Маринеско попал в самую сильную группу и окончил курсы досрочно.
Военная служба ему по-прежнему не нравилась. Особенно остро он переживал случаи, когда ему доводилось сталкиваться с начальственной грубостью или высокомерием. Эта черта сохранилась в нем до конца жизни. Безотказный на службе, вне службы бывал строптив и очень чувствителен к тону. Знал, что нельзя возражать, но иногда срывался. В особенности он не терпел, когда вчерашний однокашник, поднявшись на одну служебную ступеньку, резко менял стиль отношений со вчерашними друзьями. Мне приходилось слышать (говорили это люди в высоких званиях), что Маринеско был чрезмерно обидчив. Но не принимаем ли мы иногда за обидчивость развитое чувство собственного достоинства?
Маринеско обижать людей не любил, и когда ему случалось нагрубить кому-нибудь, каялся. Бывало, грубил старшим.

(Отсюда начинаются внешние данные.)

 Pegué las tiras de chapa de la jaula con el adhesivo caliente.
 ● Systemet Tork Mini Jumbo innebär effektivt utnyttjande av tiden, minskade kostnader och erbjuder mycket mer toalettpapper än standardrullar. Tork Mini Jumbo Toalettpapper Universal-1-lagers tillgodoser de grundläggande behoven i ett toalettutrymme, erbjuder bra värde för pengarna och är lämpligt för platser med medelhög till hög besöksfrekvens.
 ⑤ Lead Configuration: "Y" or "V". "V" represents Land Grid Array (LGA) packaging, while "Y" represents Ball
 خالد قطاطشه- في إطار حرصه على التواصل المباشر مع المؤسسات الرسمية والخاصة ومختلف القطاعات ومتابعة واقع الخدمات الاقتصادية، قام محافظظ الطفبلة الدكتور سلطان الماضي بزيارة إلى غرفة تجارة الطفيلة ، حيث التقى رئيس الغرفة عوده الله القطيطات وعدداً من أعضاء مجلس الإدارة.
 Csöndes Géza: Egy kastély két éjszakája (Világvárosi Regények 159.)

А когда срывал раздражение на подчиненном, умел признать свою вину и старался загладить. Это его качество высоко ценилось обеими командами - на "М-96" и на "С-13", потому что на него редко обижались.

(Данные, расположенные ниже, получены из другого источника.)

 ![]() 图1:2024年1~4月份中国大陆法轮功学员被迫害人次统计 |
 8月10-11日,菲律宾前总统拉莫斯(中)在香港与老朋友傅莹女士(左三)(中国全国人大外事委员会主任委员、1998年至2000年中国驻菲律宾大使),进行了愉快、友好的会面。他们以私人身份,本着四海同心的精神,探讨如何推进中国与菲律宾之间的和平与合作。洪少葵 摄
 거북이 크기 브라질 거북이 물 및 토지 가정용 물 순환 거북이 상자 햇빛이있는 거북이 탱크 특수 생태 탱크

Запомнился мне такой разговор.
"Многим из нас, - сказал он в одной из наших бесед, - не хватает хорошего воспитания. Не в смысле идейном, а в смысле манер. Известно, что офицеры старого флота в своем кругу соблюдали корректность, дух кают-компании, обращение даже к младшим по имени-отчеству... Не так глупо".

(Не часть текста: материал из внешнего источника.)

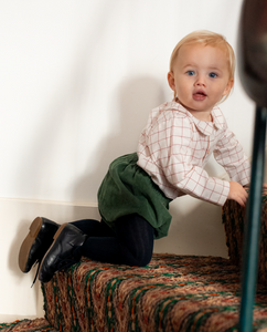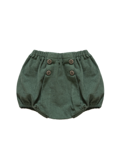 Classic baby bloomers trousers crafted from a comfortable, robust corduroy. Featuring an elastic waist band for a comfortable fit and a decorative double-breasted button. In rich navy blue and olive green for this season, these bloomers bring timeless charm and comfort to your baby's cold-weather wardrobe.
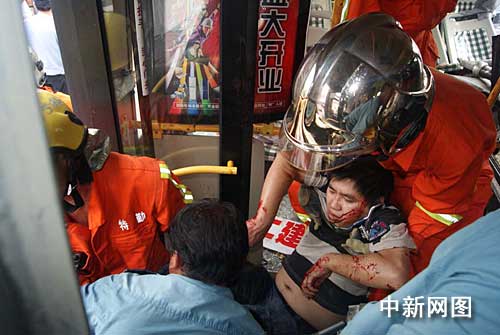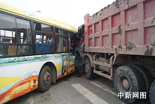 據(jù)了解,12時34分,救援官兵到達事故現(xiàn)場,只見事故現(xiàn)場一片狼藉,秩序混亂,地上碎玻璃、汽車零部件灑落一地,公交車廂內(nèi)血跡斑斑,求救聲不斷,同時,該路段交通一度陷入癱瘓狀態(tài),汽車在此排起了長長的車隊。與此同時,由于巨大的撞擊力,工程車車頭嚴(yán)重變形,且半個車頭完全撞入公交車車廂內(nèi),導(dǎo)致車廂內(nèi)的十余名乘客不同程度受傷,且有一名被困乘車傷勢較重,急待救援。由于擠壓的關(guān)系,該名被困乘客臉色蒼白,神志不清,身上、臉上多處出血,不停的發(fā)出痛苦的呻吟,如不及時搶救,隨時會有生命危險。
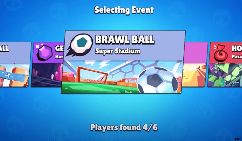 その後、すべてのゲームはランダムなイベントとマップでプレイされます .実際、各ゲームの開始時に、マップとゲーム モードが AI によって完全にランダムに選択されます (Gem Razzia、Brawlball、Heist、Reserved Area、Bounty、Siege など)。

Александра Ивановича во время его срывов я ни разу не видел. А в обычное время он на меня производил впечатление человека хорошо воспитанного - простого в обращении, без тени фанаберии или панибратства.
Но я отвлекся. Маринеско отлично окончил курсы, однако свой переезд на Балтику и переход в кадры военного флота он по-прежнему воспринимал драматически. Драма заключалась в том, что долг был в несогласии с чувством.
Долг велел, а сердце не лежало.
На борении любви и долга построена большая часть конфликтов в произведениях мировой литературы. Конечно, если любовь понимать широко не только как любовную страсть. Впрочем, и понятие долга требует диалектического подхода. С точки зрения феодальной морали, Ромео должен был не любить Джульетту, а уничтожать ее родственников. И разве долг присяги хоть сколько-нибудь оправдывает палачей Освенцима и Треблинки?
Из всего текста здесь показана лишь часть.